For his two day jobs, Rob Weiss is vice president of Cranes, Inc., a crane hire company, and of steel erectors A J McNulty & Co. A J McNulty is the older of the two companies, established in 1925 by the eponymous Mr McNulty and Weiss’s grandfather, Paul Weiss. Seeing the demand for cranes in their work as steel erectors, the two men set up their own hire firm. Paul Weiss took over running the businesses in the 1950s. His son, Lawrence, took in the 1970s, and still works for both companies. Rob joined in 1992.
Weiss’s work in the industry doesn’t end with his role in these businesses. He was one of the group of experts that helped draw up US federal regulator OSHA’s new crane rule. In New York, he has been a key advocate for the industry as local legislators push for tough local crane laws. Internationally, he has helped bridge the gap between EU and US approaches to crane safety, forming a working group based on disagreement over the new EU mobile standard EN 13000.
That last role came about by accident, Weiss explains: “I have a very close relationship with Liebherr, having pioneered a number of their models in the United Sates. We send our mechanics over to Ehingen every year for training, and I go too. It’s not that I’m going to be in the yard pulling wrenches with them, but when they come to me and say they need a new part, I like to know what they are talking about. So I go and do the same training programmes.
“I was there in December 2007, and one of Liebherr’s sales team pulled me aside, and said changes to the LMI were coming, that there would be no override key and that the speed of operational functions would be reduced to 15% in override situations.
“At the next meeting of the SC&RA Crane and Rigging Group Governing Committee, in January 2008 in Maui, they asked if anyone had any new business. I raised my hand and said, ‘I assume you all know about these changes to the LMI, about the override key?’ They all looked at me like I had three heads. There were manufacturers there, as well as all the major U.S. rental companies, and no one knew. We decided to start a working group, and, as I’d raised the issue, I was chosen to head it.
“The feeling here, amongst owners and operators, is that if you can’t have full speed during override, it is a safety disaster.
“ Arguments over approaches to safety have had a more immediate affect in Weiss’s local market. “New York City has a very interesting set of crane rules,” Weiss says, “NYC had crane regulations in the late 1960s, even before OSHA was founded [in 1971].“
“People would build cranes, and derricks in particular, in their backyard. So, the city made a requirement that every crane model entering New York had to be prototyped. That meant drawing up a plan of the crane and passing it to an independent engineer, who was required to review and approve the engineering and submit it to the City for their approval.

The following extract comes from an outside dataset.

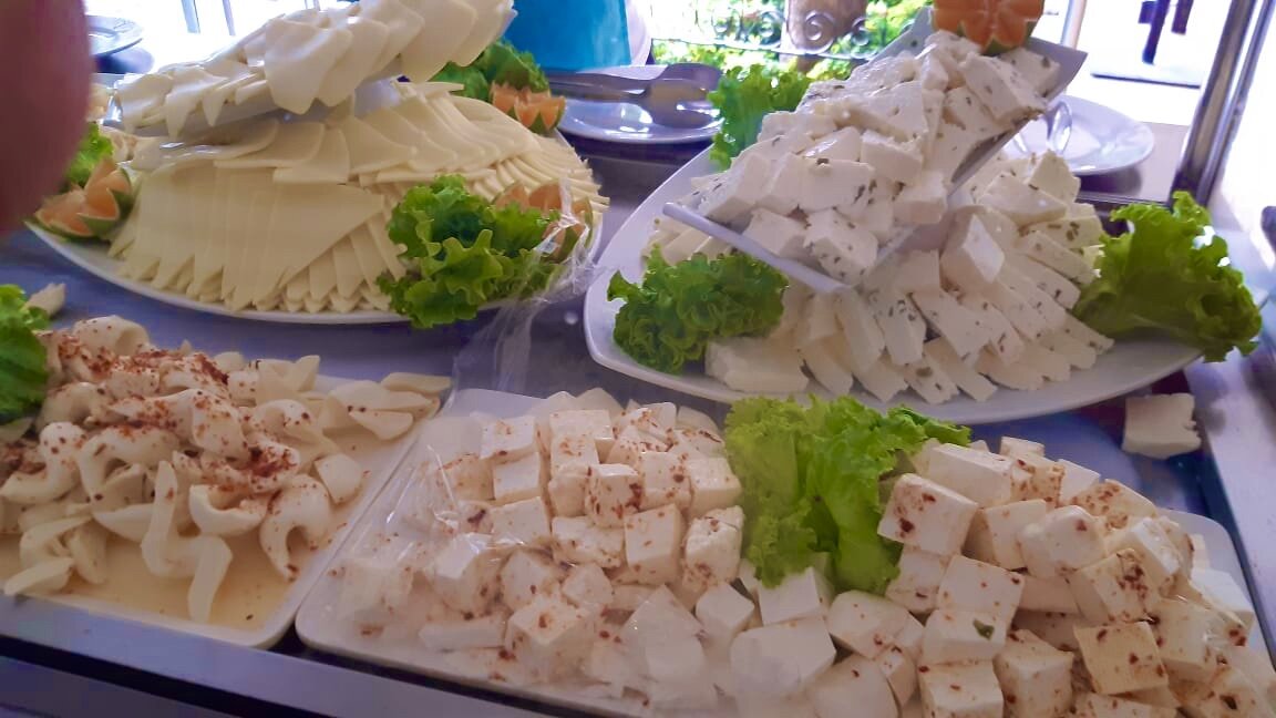 С сырами - тоже очень хорошо! И молодой сыр, и типа брынзы, и творожный, и сливочный, и копченый, и что - то типа турецкого маасдама... и сыр с красным перцем!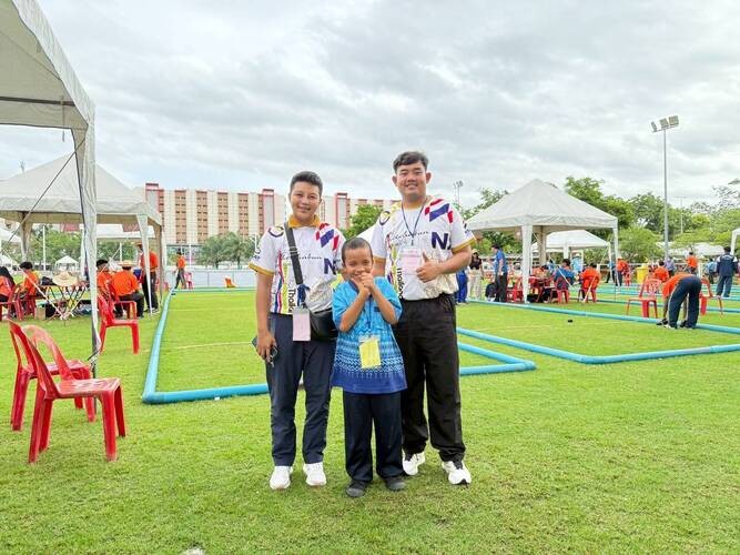 1. เด็กชายเตชินท์ สิงสุข เหรียญทอง กีฬา บอชชี่ ประเภท คู่ยูนิฟายด์ ชาย (Division 1) 2. เด็กชายเนตรนภัส พรรคทิง เหรียญทอง กีฬา บอชชี่ ประเภท คู่ยูนิฟายด์ ชาย (Division 1)

“That worked well into the 1980s and 1990s. Every crane in the city would carry a single plate with the load chart used for the approval. The problem came with the introduction of all terrain cranes, with multiple outrigger positions and boom and counterweight configurations, generating thousands of pages of load charts. These ultra-sophisticated cranes are designed by engineering teams of 30 or 40 people, using computer-aided design. Now, the engineer’s office in New York (generally Howard Shapiro & Associates) has to review the work of all those engineers. It is a daunting task.”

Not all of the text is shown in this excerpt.